[Source records — start]

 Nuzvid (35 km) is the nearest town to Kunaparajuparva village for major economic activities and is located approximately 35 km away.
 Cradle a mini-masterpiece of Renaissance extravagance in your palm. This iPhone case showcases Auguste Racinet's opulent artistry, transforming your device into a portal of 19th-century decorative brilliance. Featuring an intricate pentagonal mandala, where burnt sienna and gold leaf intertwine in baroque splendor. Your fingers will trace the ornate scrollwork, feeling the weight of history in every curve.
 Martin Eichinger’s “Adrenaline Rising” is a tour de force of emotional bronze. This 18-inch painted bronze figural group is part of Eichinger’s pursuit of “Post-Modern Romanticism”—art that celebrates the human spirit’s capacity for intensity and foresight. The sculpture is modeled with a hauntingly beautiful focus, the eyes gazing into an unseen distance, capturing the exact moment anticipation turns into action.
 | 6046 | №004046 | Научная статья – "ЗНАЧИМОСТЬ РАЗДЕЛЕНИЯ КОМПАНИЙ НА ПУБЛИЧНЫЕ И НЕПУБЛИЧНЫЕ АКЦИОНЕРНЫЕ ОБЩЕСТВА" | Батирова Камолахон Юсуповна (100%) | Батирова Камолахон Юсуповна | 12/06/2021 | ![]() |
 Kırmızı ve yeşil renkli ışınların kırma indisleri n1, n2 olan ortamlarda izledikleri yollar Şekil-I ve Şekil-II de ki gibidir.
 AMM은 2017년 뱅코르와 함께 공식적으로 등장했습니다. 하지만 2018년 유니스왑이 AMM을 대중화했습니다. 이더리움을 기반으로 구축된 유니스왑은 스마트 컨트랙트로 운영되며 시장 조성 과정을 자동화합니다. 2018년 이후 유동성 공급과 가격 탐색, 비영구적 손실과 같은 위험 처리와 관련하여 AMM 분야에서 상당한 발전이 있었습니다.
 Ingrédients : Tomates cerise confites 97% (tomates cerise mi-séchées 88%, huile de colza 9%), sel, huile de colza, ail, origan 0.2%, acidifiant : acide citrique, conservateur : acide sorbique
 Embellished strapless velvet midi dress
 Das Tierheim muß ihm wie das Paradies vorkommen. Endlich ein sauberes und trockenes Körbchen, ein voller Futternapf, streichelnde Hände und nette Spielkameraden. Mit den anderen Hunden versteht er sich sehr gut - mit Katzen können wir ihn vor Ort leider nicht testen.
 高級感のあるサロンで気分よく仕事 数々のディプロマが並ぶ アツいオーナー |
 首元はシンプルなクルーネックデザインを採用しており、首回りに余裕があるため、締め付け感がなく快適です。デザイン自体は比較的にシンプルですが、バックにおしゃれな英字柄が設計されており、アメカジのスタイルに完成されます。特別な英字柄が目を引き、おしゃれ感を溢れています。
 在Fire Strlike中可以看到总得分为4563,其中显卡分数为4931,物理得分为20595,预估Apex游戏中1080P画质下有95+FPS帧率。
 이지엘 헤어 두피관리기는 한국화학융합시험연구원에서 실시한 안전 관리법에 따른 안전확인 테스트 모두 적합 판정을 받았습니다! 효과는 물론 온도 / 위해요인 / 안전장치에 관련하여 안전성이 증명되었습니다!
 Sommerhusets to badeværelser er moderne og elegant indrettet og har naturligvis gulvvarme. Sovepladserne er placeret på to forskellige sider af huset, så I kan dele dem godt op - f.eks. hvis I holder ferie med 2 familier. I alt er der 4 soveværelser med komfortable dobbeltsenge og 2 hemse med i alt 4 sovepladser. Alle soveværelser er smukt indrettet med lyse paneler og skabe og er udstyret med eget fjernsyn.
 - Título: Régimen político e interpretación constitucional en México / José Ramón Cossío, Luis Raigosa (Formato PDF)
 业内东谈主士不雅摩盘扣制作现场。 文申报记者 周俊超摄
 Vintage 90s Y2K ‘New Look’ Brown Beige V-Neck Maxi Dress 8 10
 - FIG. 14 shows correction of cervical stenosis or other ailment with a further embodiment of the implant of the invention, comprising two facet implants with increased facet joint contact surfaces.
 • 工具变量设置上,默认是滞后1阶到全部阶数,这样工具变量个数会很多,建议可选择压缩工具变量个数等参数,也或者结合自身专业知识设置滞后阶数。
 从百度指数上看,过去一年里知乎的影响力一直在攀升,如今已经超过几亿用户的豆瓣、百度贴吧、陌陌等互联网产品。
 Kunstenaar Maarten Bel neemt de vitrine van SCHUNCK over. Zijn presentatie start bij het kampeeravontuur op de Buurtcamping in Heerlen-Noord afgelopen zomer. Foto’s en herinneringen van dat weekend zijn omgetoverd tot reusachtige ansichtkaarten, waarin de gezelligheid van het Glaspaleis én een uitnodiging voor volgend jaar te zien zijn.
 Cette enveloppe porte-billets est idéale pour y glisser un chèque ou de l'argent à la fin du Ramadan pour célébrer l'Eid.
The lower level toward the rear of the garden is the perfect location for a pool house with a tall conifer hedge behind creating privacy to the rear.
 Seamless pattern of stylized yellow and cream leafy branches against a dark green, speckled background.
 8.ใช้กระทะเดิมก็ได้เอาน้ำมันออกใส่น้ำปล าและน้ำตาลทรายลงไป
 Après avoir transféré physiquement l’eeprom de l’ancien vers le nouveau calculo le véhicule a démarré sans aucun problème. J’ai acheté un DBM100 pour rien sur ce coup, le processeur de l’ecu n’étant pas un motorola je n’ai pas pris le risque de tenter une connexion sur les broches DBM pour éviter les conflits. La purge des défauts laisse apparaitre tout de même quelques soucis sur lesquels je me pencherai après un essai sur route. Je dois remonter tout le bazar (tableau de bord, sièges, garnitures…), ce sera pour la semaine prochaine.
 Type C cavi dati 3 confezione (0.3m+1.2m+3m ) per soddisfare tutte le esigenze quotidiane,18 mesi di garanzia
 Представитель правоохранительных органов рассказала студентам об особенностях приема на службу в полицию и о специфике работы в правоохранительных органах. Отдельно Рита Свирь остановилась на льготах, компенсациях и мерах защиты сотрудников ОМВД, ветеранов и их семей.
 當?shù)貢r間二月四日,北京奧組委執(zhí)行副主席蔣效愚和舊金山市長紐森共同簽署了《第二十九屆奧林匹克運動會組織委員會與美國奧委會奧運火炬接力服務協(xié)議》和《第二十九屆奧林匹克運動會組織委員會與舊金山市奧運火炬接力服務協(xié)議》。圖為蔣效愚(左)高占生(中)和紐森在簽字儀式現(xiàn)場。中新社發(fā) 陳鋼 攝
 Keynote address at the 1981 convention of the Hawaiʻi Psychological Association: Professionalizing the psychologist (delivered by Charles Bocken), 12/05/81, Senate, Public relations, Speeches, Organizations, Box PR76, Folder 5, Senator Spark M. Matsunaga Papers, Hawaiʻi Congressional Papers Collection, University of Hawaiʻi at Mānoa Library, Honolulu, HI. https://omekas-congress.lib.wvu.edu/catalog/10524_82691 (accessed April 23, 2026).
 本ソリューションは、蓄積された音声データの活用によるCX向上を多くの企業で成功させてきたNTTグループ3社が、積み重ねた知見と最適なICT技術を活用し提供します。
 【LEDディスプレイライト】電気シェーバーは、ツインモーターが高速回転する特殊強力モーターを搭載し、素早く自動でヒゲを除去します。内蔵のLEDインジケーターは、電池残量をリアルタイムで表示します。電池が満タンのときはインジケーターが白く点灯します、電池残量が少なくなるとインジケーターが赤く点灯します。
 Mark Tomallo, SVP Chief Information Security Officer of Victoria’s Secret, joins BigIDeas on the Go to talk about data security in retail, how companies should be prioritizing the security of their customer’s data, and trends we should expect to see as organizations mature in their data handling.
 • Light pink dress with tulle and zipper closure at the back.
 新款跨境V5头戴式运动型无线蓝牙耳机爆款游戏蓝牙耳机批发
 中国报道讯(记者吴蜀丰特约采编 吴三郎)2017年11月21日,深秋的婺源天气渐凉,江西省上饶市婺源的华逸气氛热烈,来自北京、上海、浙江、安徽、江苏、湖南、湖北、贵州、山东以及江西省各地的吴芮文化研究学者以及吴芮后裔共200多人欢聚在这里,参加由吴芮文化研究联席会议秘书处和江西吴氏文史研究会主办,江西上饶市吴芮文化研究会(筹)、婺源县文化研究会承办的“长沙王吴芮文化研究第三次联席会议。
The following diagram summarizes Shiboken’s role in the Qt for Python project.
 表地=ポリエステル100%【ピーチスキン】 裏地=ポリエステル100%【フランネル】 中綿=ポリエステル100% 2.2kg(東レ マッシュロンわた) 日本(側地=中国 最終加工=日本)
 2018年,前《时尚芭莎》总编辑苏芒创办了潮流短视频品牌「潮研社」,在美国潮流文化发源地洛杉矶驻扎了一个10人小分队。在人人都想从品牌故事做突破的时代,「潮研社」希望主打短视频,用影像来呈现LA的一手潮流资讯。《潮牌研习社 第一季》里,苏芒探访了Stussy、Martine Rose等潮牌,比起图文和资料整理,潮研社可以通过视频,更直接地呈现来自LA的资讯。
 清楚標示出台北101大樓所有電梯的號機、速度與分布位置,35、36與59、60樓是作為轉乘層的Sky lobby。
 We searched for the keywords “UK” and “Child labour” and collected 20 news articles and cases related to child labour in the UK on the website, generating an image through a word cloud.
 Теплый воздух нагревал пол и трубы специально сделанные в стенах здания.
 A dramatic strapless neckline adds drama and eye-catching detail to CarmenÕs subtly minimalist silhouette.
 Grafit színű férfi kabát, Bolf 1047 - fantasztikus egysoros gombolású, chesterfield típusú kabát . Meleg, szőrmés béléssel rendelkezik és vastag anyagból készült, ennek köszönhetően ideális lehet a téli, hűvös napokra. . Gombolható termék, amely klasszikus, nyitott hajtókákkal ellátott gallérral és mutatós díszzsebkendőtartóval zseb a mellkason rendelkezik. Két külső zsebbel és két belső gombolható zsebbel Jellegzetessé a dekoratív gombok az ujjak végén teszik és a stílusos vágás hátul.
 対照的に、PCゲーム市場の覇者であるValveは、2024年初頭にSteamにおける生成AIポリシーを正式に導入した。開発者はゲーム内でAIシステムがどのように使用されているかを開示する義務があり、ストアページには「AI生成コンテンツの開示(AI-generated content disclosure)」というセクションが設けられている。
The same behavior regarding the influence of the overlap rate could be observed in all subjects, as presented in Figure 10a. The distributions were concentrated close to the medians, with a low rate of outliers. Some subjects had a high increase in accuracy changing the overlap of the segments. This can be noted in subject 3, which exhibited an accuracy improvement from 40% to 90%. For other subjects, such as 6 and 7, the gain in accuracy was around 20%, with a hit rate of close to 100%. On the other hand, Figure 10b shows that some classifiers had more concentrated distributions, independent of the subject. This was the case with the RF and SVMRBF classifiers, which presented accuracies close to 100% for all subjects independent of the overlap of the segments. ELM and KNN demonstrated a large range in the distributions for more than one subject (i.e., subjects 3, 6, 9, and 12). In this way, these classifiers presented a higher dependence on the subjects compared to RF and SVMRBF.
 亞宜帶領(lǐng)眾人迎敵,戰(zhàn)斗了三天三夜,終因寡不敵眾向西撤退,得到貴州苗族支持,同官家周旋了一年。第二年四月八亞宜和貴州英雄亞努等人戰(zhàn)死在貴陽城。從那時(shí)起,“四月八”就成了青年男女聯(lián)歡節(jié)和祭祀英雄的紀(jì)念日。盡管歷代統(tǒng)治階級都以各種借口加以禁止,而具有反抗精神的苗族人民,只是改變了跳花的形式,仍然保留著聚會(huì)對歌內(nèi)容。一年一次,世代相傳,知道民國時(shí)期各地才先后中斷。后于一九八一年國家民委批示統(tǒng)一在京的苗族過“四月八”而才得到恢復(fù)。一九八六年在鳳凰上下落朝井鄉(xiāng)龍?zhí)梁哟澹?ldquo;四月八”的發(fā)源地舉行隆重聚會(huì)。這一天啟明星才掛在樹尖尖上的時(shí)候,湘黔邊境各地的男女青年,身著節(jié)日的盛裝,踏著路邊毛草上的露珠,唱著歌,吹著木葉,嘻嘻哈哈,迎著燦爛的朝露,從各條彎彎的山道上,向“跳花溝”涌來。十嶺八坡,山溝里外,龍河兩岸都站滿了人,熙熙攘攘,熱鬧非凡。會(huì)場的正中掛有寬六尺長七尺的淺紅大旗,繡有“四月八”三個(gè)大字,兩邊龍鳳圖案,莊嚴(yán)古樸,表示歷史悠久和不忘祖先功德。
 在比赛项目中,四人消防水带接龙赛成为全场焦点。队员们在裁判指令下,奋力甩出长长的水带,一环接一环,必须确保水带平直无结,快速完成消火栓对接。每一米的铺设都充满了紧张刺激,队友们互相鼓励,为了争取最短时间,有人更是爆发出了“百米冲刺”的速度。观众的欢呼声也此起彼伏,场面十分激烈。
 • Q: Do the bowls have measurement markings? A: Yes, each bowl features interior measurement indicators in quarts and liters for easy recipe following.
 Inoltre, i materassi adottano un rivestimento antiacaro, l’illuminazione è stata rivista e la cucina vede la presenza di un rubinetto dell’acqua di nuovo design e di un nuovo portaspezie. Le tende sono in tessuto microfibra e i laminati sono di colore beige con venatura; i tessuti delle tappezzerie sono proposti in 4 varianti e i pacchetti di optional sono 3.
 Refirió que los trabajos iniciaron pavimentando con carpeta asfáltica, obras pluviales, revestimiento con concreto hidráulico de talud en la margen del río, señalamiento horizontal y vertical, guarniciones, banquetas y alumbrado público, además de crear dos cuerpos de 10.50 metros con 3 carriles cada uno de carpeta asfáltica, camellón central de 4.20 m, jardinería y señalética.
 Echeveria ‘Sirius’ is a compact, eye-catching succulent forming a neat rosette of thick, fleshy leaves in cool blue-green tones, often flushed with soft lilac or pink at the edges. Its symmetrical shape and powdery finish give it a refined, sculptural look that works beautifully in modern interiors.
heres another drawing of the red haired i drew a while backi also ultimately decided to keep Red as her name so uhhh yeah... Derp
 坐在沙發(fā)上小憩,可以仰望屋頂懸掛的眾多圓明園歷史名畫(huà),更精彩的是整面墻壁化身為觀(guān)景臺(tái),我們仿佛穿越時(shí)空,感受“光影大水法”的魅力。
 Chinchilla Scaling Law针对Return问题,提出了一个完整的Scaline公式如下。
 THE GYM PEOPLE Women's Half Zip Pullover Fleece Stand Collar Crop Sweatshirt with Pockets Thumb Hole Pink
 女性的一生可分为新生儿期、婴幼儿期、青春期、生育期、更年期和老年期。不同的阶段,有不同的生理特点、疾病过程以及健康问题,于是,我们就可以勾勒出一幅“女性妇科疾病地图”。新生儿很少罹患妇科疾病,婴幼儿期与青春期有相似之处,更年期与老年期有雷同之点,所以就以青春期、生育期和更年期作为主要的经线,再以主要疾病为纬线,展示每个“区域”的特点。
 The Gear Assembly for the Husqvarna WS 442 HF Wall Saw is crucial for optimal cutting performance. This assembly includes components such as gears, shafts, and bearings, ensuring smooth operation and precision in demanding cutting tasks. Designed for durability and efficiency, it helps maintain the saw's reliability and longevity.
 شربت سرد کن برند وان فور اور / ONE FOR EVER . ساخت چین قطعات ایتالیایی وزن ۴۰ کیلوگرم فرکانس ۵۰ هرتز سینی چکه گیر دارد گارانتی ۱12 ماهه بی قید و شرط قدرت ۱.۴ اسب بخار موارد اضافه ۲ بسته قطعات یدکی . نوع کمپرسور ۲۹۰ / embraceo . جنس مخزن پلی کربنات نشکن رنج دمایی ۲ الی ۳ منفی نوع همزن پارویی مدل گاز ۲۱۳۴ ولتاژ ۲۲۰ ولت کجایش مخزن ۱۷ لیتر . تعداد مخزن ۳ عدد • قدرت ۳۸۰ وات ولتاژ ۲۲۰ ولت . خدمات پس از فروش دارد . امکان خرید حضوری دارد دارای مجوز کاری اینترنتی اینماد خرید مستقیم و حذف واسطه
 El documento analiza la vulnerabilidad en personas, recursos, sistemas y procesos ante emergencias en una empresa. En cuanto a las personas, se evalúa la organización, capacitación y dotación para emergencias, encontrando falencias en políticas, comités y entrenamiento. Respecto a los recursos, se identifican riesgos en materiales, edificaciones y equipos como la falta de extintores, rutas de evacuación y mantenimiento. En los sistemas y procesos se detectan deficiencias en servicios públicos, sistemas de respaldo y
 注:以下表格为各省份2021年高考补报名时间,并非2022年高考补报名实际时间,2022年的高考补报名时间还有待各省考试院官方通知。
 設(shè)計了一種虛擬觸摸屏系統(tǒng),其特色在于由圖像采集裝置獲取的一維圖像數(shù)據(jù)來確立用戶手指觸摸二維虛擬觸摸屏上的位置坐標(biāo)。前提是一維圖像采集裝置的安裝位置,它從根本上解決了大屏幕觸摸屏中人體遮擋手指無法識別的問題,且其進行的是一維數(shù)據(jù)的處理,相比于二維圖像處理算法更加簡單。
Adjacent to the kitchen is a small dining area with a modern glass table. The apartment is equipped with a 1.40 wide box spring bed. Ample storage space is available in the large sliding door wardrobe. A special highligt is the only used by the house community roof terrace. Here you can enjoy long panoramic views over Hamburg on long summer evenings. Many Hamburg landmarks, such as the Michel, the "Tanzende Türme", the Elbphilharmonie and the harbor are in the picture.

[Source records — finish]

**About this exercise**
Up to and including the line with "Cradle a mini-masterpiece", please return the records exactly, beginning from their first line.

**Final answer**
 Nuzvid (35 km) is the nearest town to Kunaparajuparva village for major economic activities and is located approximately 35 km away.
 Cradle a mini-masterpiece of Renaissance extravagance in your palm. This iPhone case showcases Auguste Racinet's opulent artistry, transforming your device into a portal of 19th-century decorative brilliance. Featuring an intricate pentagonal mandala, where burnt sienna and gold leaf intertwine in baroque splendor. Your fingers will trace the ornate scrollwork, feeling the weight of history in every curve.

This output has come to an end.